The report debunks the CIA's claims that its "enhanced interrogation techniques" produced important intelligence. These techniques include practices such as waterboarding, sleep deprivation, and sexual humiliation. The simple message for many who've read the report: torture doesn't work.
What was published represents a fraction of the Senate's findings after an investigation lasting more than five years. The 600 or so pages now available online are merely a summary of the full 6,700 page report that remains classified.
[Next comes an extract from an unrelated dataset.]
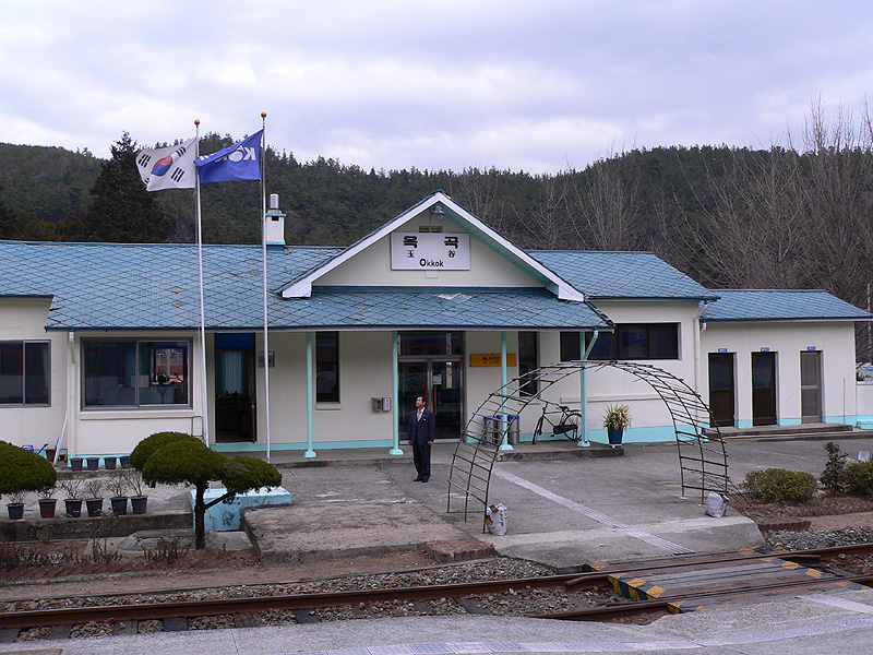 KORAIL Okgok Station

And much of the 600 pages is illegible, because of redactions in the form of thick, black lines, some of which were demanded by Britain's intelligence services.
In The Report this week Simon Cox asks to what extent Britain's intelligence services were complicit in the mistreatment of prisoners; and why Britain has been dragging its heels in carrying out its own investigation into allegations of mistreatment.
He traces the history of British investigations: a discredited investigation by the Intelligence and Security Committee of Parliament (ISC) in 2007 on extraordinary rendition from which it was later discovered that the intelligence services withheld information; the promise by David Cameron of a judge-led inquiry in 2010, which was subsequently scrapped; and handing back of the torture enquiry to the ISC, which Mr Cameron himself had said was not the appropriate body to carry out this investigation.
Simon will also look what appears to be a consistent tactic of successive British governments to avoid embarrassing details coming to light by claiming that publication would damage relations with the United States, or damage national security. It's a claim rejected by human rights agencies who defend alleged victims of torture, as well as by senior politicians. "National security often just means national embarrassment," says one.
Contributors to the programme include a man who claims he was illegally rendered with British complicity; a member of the judge-led inquiry into torture that was subsequently scrapped; and members of the ISC, now charged with carrying out an investigation.
The alleged abuse is historical. But it acquired contemporary resonance last week when it was reported that one of the alleged perpetrators of the Paris murders had been radicalised by the images of detainees being tortured by US operatives at Abu Ghraib prison in Iraq.
Producer: Tim Mansell.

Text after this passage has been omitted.